Start of DATA TO USE
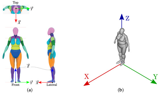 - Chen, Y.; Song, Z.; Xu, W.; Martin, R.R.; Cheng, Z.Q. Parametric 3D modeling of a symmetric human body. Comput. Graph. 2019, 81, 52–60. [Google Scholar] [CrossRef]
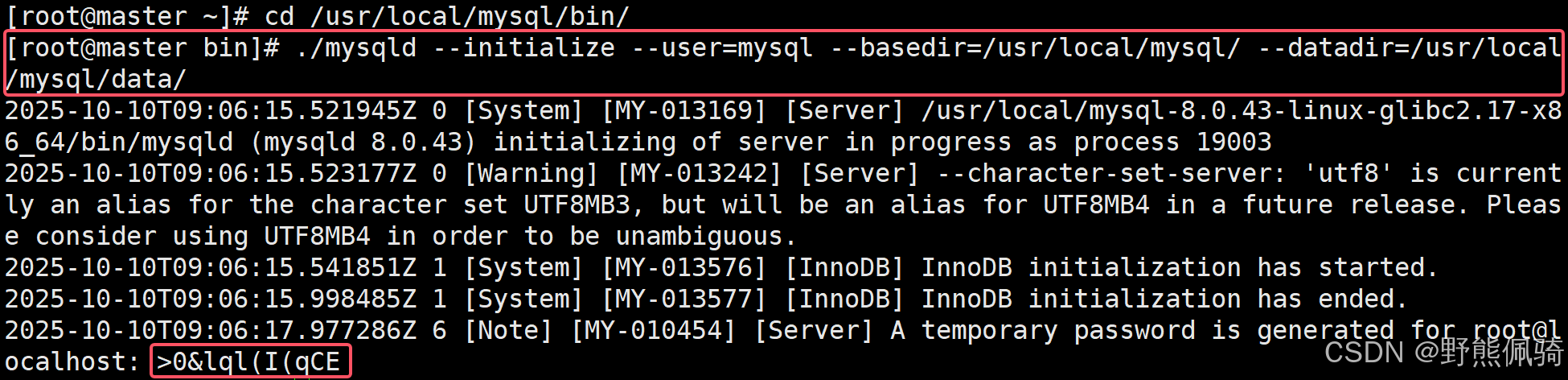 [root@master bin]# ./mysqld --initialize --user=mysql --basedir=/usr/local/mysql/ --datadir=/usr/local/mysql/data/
End of DATA TO USE
Start of DATA TO USE
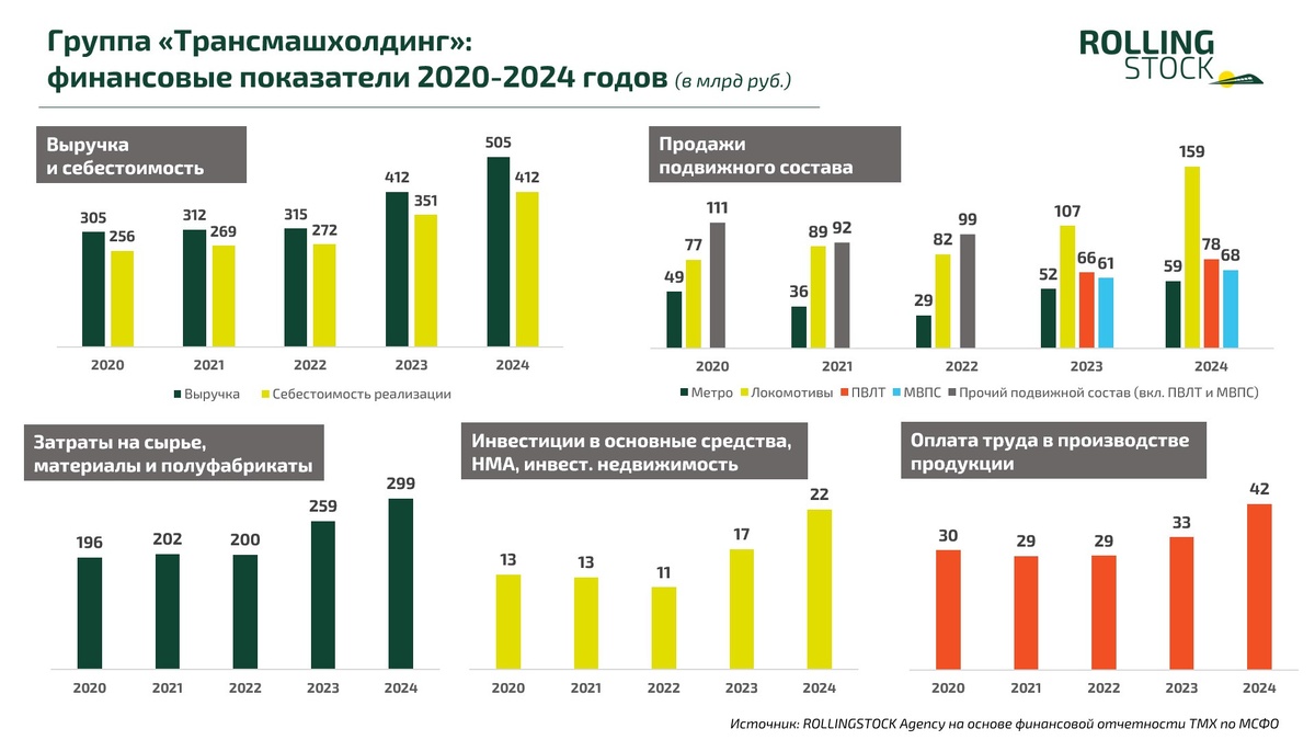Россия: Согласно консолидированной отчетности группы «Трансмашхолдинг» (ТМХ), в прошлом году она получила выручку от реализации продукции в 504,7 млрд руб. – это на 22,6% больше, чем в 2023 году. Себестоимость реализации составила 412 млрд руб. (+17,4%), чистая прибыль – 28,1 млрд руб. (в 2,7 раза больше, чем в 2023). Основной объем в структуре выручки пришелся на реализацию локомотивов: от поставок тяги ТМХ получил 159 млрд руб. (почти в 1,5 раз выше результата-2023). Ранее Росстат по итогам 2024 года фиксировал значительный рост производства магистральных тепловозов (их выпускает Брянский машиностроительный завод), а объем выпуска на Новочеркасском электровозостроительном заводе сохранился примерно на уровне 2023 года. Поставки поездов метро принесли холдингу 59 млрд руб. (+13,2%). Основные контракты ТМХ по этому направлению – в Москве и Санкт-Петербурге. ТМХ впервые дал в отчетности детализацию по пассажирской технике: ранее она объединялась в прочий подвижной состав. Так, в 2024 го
End of DATA TO USE
Start of DATA TO USE
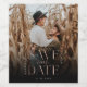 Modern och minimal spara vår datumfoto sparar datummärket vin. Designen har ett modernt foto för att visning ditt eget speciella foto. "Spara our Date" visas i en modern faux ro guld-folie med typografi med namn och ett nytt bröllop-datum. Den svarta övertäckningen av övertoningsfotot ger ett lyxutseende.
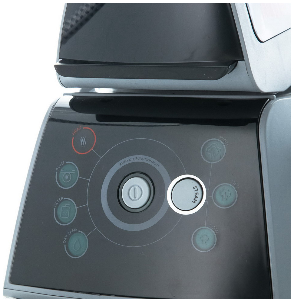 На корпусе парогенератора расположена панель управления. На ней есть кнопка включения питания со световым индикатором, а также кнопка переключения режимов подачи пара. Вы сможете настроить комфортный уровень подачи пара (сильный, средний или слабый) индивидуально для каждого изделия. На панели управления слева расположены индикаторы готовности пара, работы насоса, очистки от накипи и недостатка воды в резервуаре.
End of DATA TO USE
◆ **YOUR TASK**
Would you please repeat only the lines above, beginning at the one that has "- Chen, Y.;" and stopping after the one that has "[root@master bin]# ./mysqld", exactly and with no pictures?

◆ **EXERCISE ANSWER**
 - Chen, Y.; Song, Z.; Xu, W.; Martin, R.R.; Cheng, Z.Q. Parametric 3D modeling of a symmetric human body. Comput. Graph. 2019, 81, 52–60. [Google Scholar] [CrossRef]
 [root@master bin]# ./mysqld --initialize --user=mysql --basedir=/usr/local/mysql/ --datadir=/usr/local/mysql/data/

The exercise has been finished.